§ AIM OF THE EXERCISE
Repeat only the lines below from the one containing "in their class." through the one containing "Destaca también, en", inclusive, exactly as written.

§ SUPPLIED MATERIAL
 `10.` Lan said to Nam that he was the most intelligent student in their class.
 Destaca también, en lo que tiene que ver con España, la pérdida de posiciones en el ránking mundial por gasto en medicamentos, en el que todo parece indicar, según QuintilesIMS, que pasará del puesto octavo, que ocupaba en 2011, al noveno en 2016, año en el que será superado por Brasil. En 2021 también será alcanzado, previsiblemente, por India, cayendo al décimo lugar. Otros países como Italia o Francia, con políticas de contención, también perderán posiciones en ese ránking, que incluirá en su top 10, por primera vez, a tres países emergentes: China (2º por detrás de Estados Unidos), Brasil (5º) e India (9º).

==

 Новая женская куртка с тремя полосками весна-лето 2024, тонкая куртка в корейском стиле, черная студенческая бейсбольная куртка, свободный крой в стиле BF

§ OUTPUT OF THE TASK
 `10.` Lan said to Nam that he was the most intelligent student in their class.
 Destaca también, en lo que tiene que ver con España, la pérdida de posiciones en el ránking mundial por gasto en medicamentos, en el que todo parece indicar, según QuintilesIMS, que pasará del puesto octavo, que ocupaba en 2011, al noveno en 2016, año en el que será superado por Brasil. En 2021 también será alcanzado, previsiblemente, por India, cayendo al décimo lugar. Otros países como Italia o Francia, con políticas de contención, también perderán posiciones en ese ránking, que incluirá en su top 10, por primera vez, a tres países emergentes: China (2º por detrás de Estados Unidos), Brasil (5º) e India (9º).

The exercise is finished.